PROBLEM DETAILS: What you return should be only the lines starting at the one that contains "9日下午,韩国国会召开全体会议表决通过了有关禁食狗肉法案 图源:韩媒" and running to the end of the listing, exactly as written, minus any pictures.

DATA BLOCK:
-*-*-
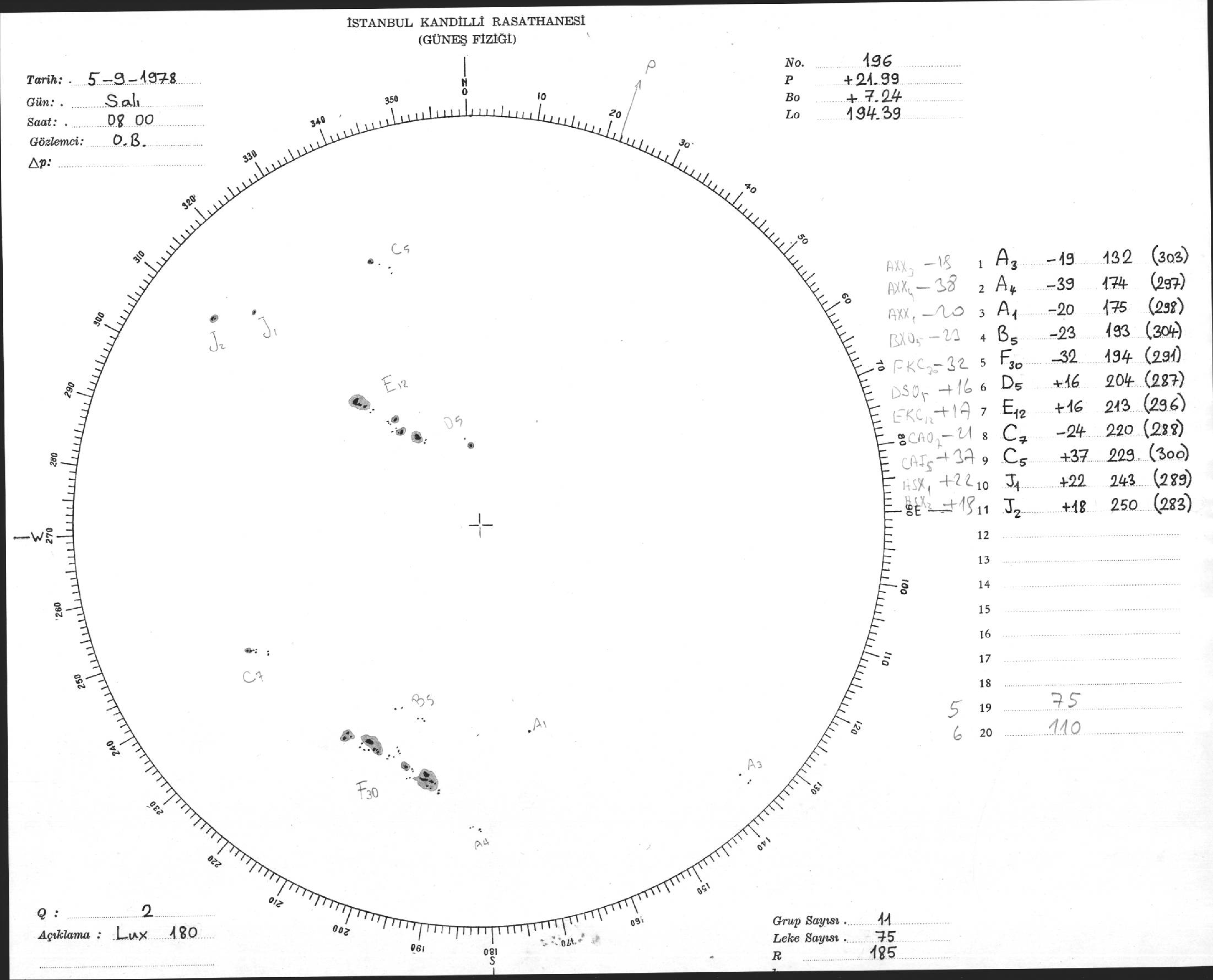 Güneş Lekesi Çizimi - 05.09.1978
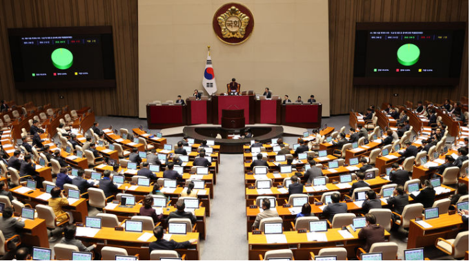 9日下午,韩国国会召开全体会议表决通过了有关禁食狗肉法案 图源:韩媒
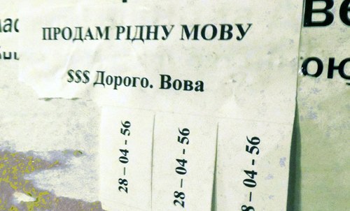 В городе Новограде-Волынском и некоторых других населенных пунктах Житомирской области в последние дни появились странные объявления с текстом: "ПРОДАМ РІДНУ МОВУ. $ $ $ Дорого. Вова."
-*-*-
EXERCISE OUTPUT:
 9日下午,韩国国会召开全体会议表决通过了有关禁食狗肉法案 图源:韩媒
 В городе Новограде-Волынском и некоторых других населенных пунктах Житомирской области в последние дни появились странные объявления с текстом: "ПРОДАМ РІДНУ МОВУ. $ $ $ Дорого. Вова."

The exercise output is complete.